* [TASK ITEM] Everything in the listing below has to be repeated exactly, except the pictures.

* [DATA BELOW]
_____

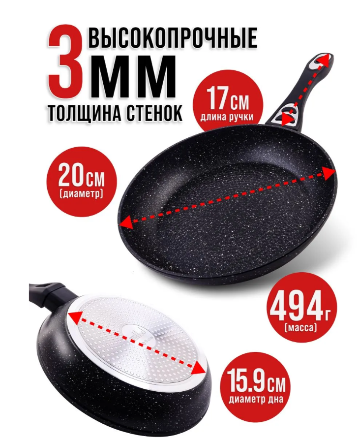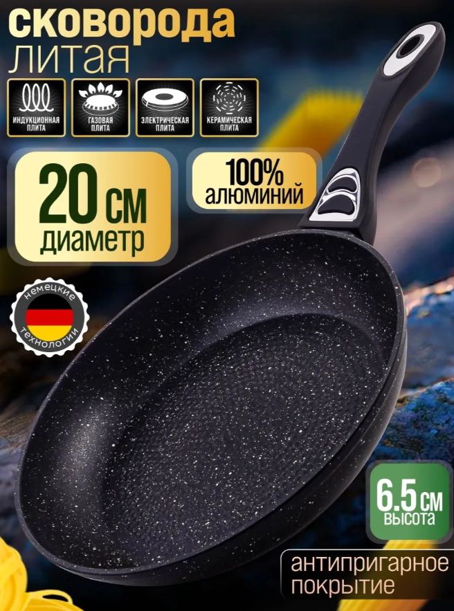 Сковорода станет вашим надёжным помощником на кухне, благодаря своим неповторимым особенностям и стильному дизайну. Внутри посуды 3-х слойное антипригарное покрытие из мраморной крошки, а снаружи 3-слойное жаропрочное покрытие, которые обеспечивают идеальное распределение тепла, предотвращают прилипание пищи и гарантирует, что каждое ваше блюдо будет иметь превосходный вкус и вид. Откройте для себя универсальность нашей сковороды антипригарной! Она идеально подходит для жарки и тушения, позволяя создавать разнообразные кулинарные шедевры. Высокие стенки сковороды 20 см позволяют тушить овощи и мяско, сохраняя их сочность и аромат. Толстое индукционное дно толщиной 3 мм позволяет готовить любые блюда, от нежных стейков до ароматных котлет, получая каждый раз безупречный результат. Рельеф на дне создаёт эффект гриля, позволяя продуктам соприкасаться с поверхностью лишь частично, что делает их сочными и нежирными. Также эта особенность способствует удалению излишков жира. Эргономичная бакелитовая ручка с покрытием Soft Touch не нагревается и не скользит в руке, обеспечивая комфорт и безопасность в процессе готовки. Легкость ухода порадует любую хозяйку: после использования достаточно просто смахнуть остатки еды салфеткой или протереть губкой, она легко моется под струей воды и подходит для мытья в посудомоечной машине. Сковородка устойчива к деформациям, не теряет своих антипригарных свойств и служит долго, что делает их надежным выбором для ежедневного использования. Многофункциональность этой модели позволяет использовать её на разных типах плит: газовых, электрических, керамических и индукционных. С этой уникальной сковородой для индукционной плиты каждая ваша трапеза станет настоящим праздником вкуса. Она станет прекрасным подарком для любой ценительницы качества и комфорта на кухне. С нашей посудой для кухни ваши кулинарные эксперименты станут удивительными и незабываемыми.
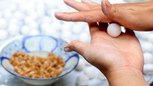 Bạn chia khối bột ra làm nhiều phần nhỏ theo bằng nhau (khoảng 10gram), rồi ấn dẹt từng khối bột, đặt nhân đường vào giữa rồi miết kín lại, vo tròn. Thành quả sẽ có kích thước tương tự như phần bánh mà bạn đã nặn, vì thế đừng nặn nhỏ quá nhé, vì khi nấu chín đường có thể chảy ra và làm hỏng vỏ bánh. Nhưng cũng đừng nặn to quá vỏ bánh dày cũng khiến bánh mất vị ngon và nhanh ngấy.
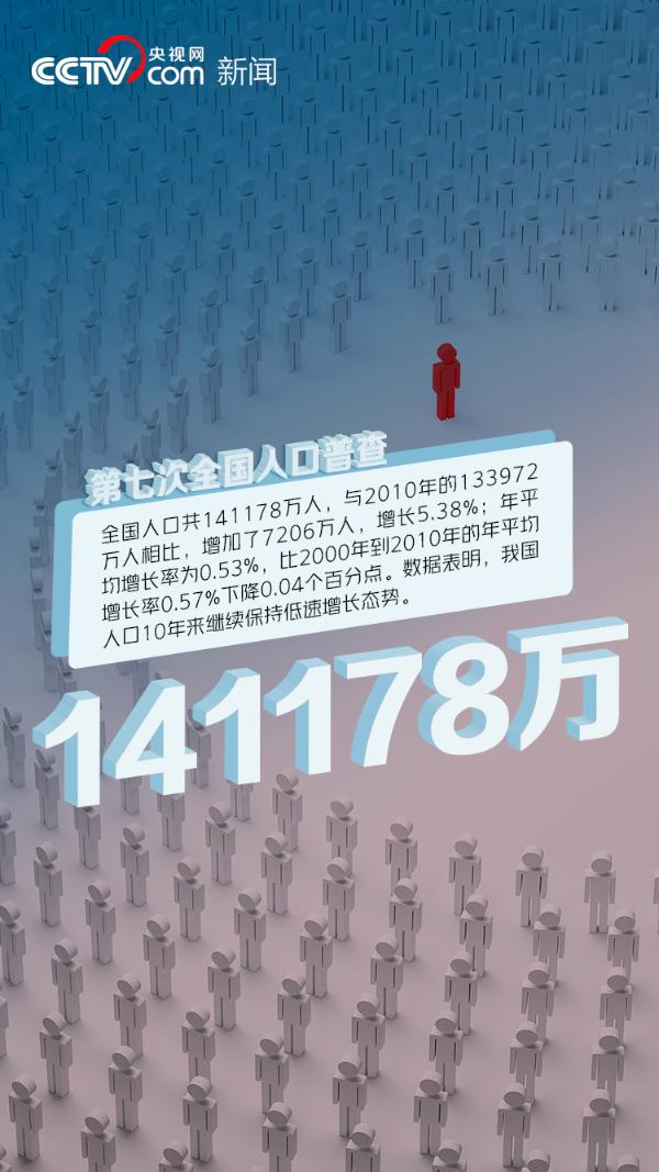 央视网消息: 国务院新闻办5月11日举行新闻发布会,公布第七次全国人口普查的主要数据。普查显示,我国总人口数超过14.1亿,我国仍是世界第一人口大国。我国人口10年来继续保持低速增长态势,人口素质不断提高。

_____

* [ANSWER TO THIS TASK]
 Сковорода станет вашим надёжным помощником на кухне, благодаря своим неповторимым особенностям и стильному дизайну. Внутри посуды 3-х слойное антипригарное покрытие из мраморной крошки, а снаружи 3-слойное жаропрочное покрытие, которые обеспечивают идеальное распределение тепла, предотвращают прилипание пищи и гарантирует, что каждое ваше блюдо будет иметь превосходный вкус и вид. Откройте для себя универсальность нашей сковороды антипригарной! Она идеально подходит для жарки и тушения, позволяя создавать разнообразные кулинарные шедевры. Высокие стенки сковороды 20 см позволяют тушить овощи и мяско, сохраняя их сочность и аромат. Толстое индукционное дно толщиной 3 мм позволяет готовить любые блюда, от нежных стейков до ароматных котлет, получая каждый раз безупречный результат. Рельеф на дне создаёт эффект гриля, позволяя продуктам соприкасаться с поверхностью лишь частично, что делает их сочными и нежирными. Также эта особенность способствует удалению излишков жира. Эргономичная бакелитовая ручка с покрытием Soft Touch не нагревается и не скользит в руке, обеспечивая комфорт и безопасность в процессе готовки. Легкость ухода порадует любую хозяйку: после использования достаточно просто смахнуть остатки еды салфеткой или протереть губкой, она легко моется под струей воды и подходит для мытья в посудомоечной машине. Сковородка устойчива к деформациям, не теряет своих антипригарных свойств и служит долго, что делает их надежным выбором для ежедневного использования. Многофункциональность этой модели позволяет использовать её на разных типах плит: газовых, электрических, керамических и индукционных. С этой уникальной сковородой для индукционной плиты каждая ваша трапеза станет настоящим праздником вкуса. Она станет прекрасным подарком для любой ценительницы качества и комфорта на кухне. С нашей посудой для кухни ваши кулинарные эксперименты станут удивительными и незабываемыми.
 Bạn chia khối bột ra làm nhiều phần nhỏ theo bằng nhau (khoảng 10gram), rồi ấn dẹt từng khối bột, đặt nhân đường vào giữa rồi miết kín lại, vo tròn. Thành quả sẽ có kích thước tương tự như phần bánh mà bạn đã nặn, vì thế đừng nặn nhỏ quá nhé, vì khi nấu chín đường có thể chảy ra và làm hỏng vỏ bánh. Nhưng cũng đừng nặn to quá vỏ bánh dày cũng khiến bánh mất vị ngon và nhanh ngấy.
 央视网消息: 国务院新闻办5月11日举行新闻发布会,公布第七次全国人口普查的主要数据。普查显示,我国总人口数超过14.1亿,我国仍是世界第一人口大国。我国人口10年来继续保持低速增长态势,人口素质不断提高。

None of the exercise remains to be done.